Pick any date from 2024-01-01 onwards. The page will compute what the model would have said for that day, and (if the date is in our records) compare it to the actual visits and OOR results. Useful for spot-checking whether the model's "High risk" calls actually corresponded to bad days.
Day-ahead forecast = what Open-Meteo's forecast actually said for that day, the day before. This matches what staff would have seen in real deployment. Use this to evaluate "would the model have helped us in real life?"
Reanalysis = the best retrospective estimate of what actually happened that day, computed later using all available data. Skye trained the model on this. Use this to see "what would the model say with perfect-information weather?" — i.e., the upper bound on accuracy. Real deployment will be slightly worse because forecasts are noisier than reanalysis.
Comparing the two for the same date shows how much the model degrades from "ideal information" to "what staff would actually have seen."
Practical caveat: For dates more than a few days in the past, Open-Meteo's day-ahead forecast and reanalysis converge to nearly identical values — Open-Meteo recalibrates historical forecasts against actual observations over time. So in practice, picking either source for older dates will usually give the same answer. The difference may only be visible for very recent dates (last 24–48 hours). The good news: this means live deployment performance shouldn't degrade meaningfully from what we measured in testing. The honest caveat: it also means we can't fully separate "what the forecast said" from "what actually happened" using public data — so the historical lookup is a partial validation of the model, not a fully independent one.
Before this model changes how field staff visit ponds, we want to shadow-test it for 12 weeks with no operational changes — just daily logging. This page explains how the trial works, why 12 weeks (rather than 4–6), what we'll decide at the end, and when we'd stop early.
The model has been validated on historical data, but historical validation has limits. Performance can drift season-to-season; the data we have so far is mostly dry-season; and real deployment uses day-ahead forecasts, not reanalysis. Before changing field operations, we want to verify the signal still shows up on fresh, real-world conditions.
A shadow trial does exactly that with one important property: nothing about field operations changes during the trial. Staff visit ponds on their normal schedule, in normal order, at normal cadence. They just record the model's alert tier alongside the day's results. At the end, we compare OOR rates on Alert vs Normal days. If the signal holds, we move to a small operational pilot. If it doesn't, we stop — and we've spared Programs the cost of deploying a noisy tool.
That's it. The model produces a daily call; the trial collects ground truth alongside it.

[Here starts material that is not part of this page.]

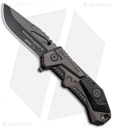 Boker took their popular Kalashnikov Folder design and beefed it up as a massive utility folding knife. The AK-16 is outfitted with a wide blade and a generous thumb ramp with rugged jimping along the spine. It has a heavy duty aluminum handle that provides undeniable grip strength and an ergonomic feel. Solid steel liners and an integrated lanyard hole finish off the impressive utility design.
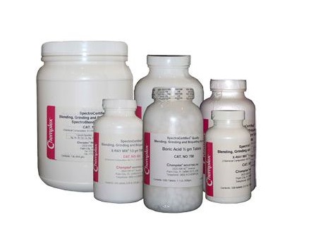 Chemplex® additives are formulated with the proper balance of abrasive and lubricious constituents that promote the grinding and pelletizing processes. The resulting sample pellets when the Chemplex® additives are used are characterized with unblemished smooth surface appearing “plasticized”. The Chemplex® additives are available in a variety of formats that make them very simple to use: bulk powder, pre-weighted ¼, ½ gram tablets and in liquid form.

The earlier "4–6 week" suggestion in our planning was too short for the actual signal we're testing. Here's the math:
Concretely:
| Trial length | Total visits | ~Visits per group | Min lift detectable at 80% power |
|---|---|---|---|
| 4 weeks | ~180 | ~90 | ~2.5× (would only catch a far stronger signal than expected) |
| 8 weeks | ~360 | ~180 | ~2.1× |
| 12 weeks | ~540 | ~270 | ~1.7× — matches the YTD signal |
| 16 weeks | ~720 | ~360 | ~1.5× |
| 20 weeks | ~900 | ~455 | ~1.4× |
At 4 weeks, we couldn't statistically distinguish the model from noise unless the true lift were dramatically bigger than YTD suggested. 12 weeks is the natural minimum for the signal we actually have.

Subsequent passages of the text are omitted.